--- START ---
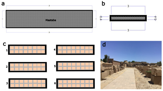 (a) The dimension of a Mastaba (20 m × 3 m); (b) cross-section of a Mastaba and its dimensions (3 m × 40 cm); (c) suggested system for six Mastabas constructions to lift around 144 stone blocks in the northeast corner (phase 1) over them. (d) Conducted a previous project to lift the stone blocks upon the Mastabas as part of the Karnak Open Museum (in front of the chapel of Hatshepsut), executed by the Egyptian Ministry of Tourism and Antiquity.
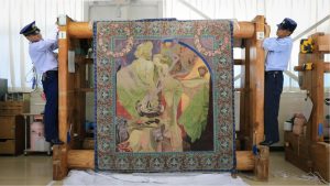 左:完成時のようす 中央・右:《堺緞通「クオ・ヴァディス」(部分)》2022-24年 羊毛、木綿 堺 アルフォンス・ミュシャ館(堺市)蔵
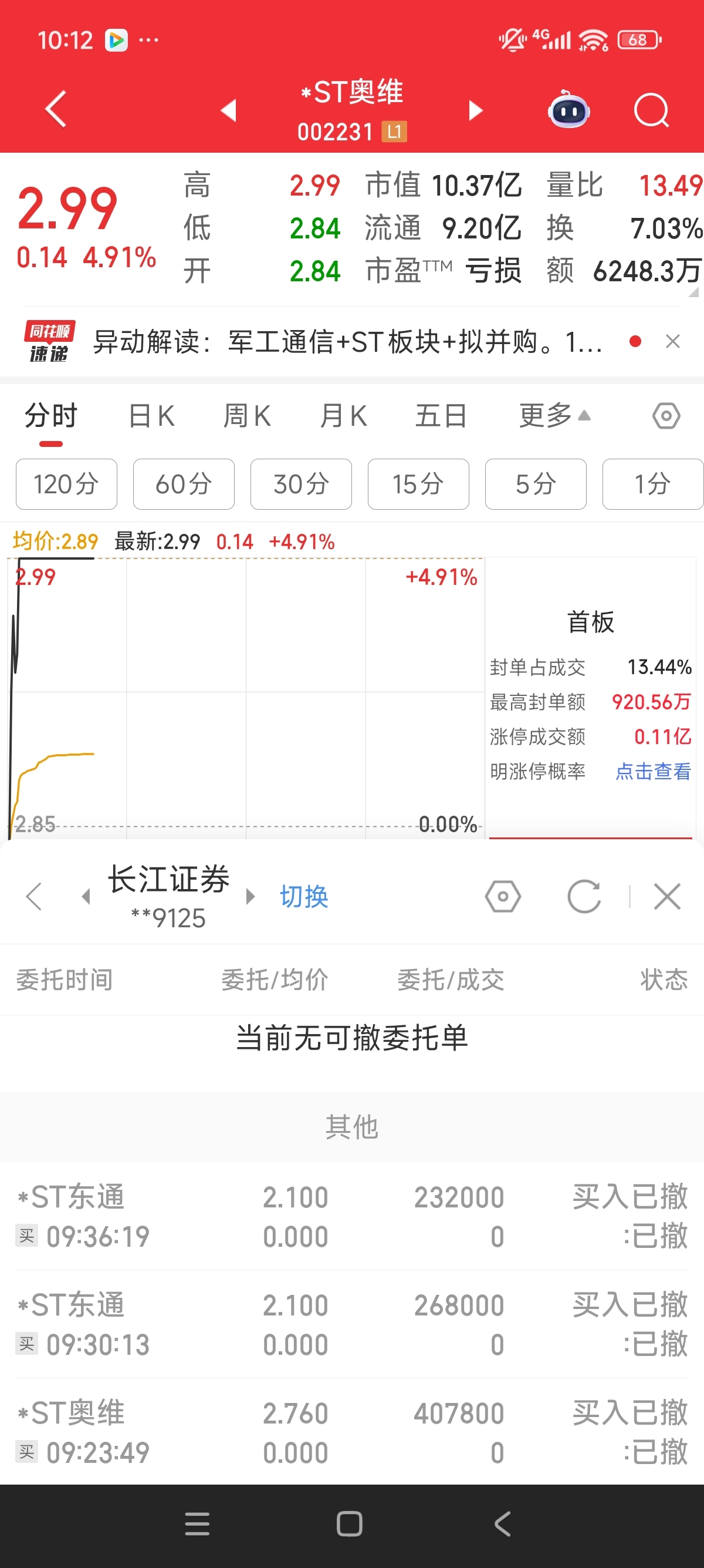 $*ST奥维(SZ002231)$ 集合竞价挂低了。我主动翘的,结果自己没有进去。
--- END ---
- _EXERCISE_: Transcribe the full listing above exactly as it stands, minus the pictures.

- _OUTPUT_:
 (a) The dimension of a Mastaba (20 m × 3 m); (b) cross-section of a Mastaba and its dimensions (3 m × 40 cm); (c) suggested system for six Mastabas constructions to lift around 144 stone blocks in the northeast corner (phase 1) over them. (d) Conducted a previous project to lift the stone blocks upon the Mastabas as part of the Karnak Open Museum (in front of the chapel of Hatshepsut), executed by the Egyptian Ministry of Tourism and Antiquity.
 左:完成時のようす 中央・右:《堺緞通「クオ・ヴァディス」(部分)》2022-24年 羊毛、木綿 堺 アルフォンス・ミュシャ館(堺市)蔵
 $*ST奥维(SZ002231)$ 集合竞价挂低了。我主动翘的,结果自己没有进去。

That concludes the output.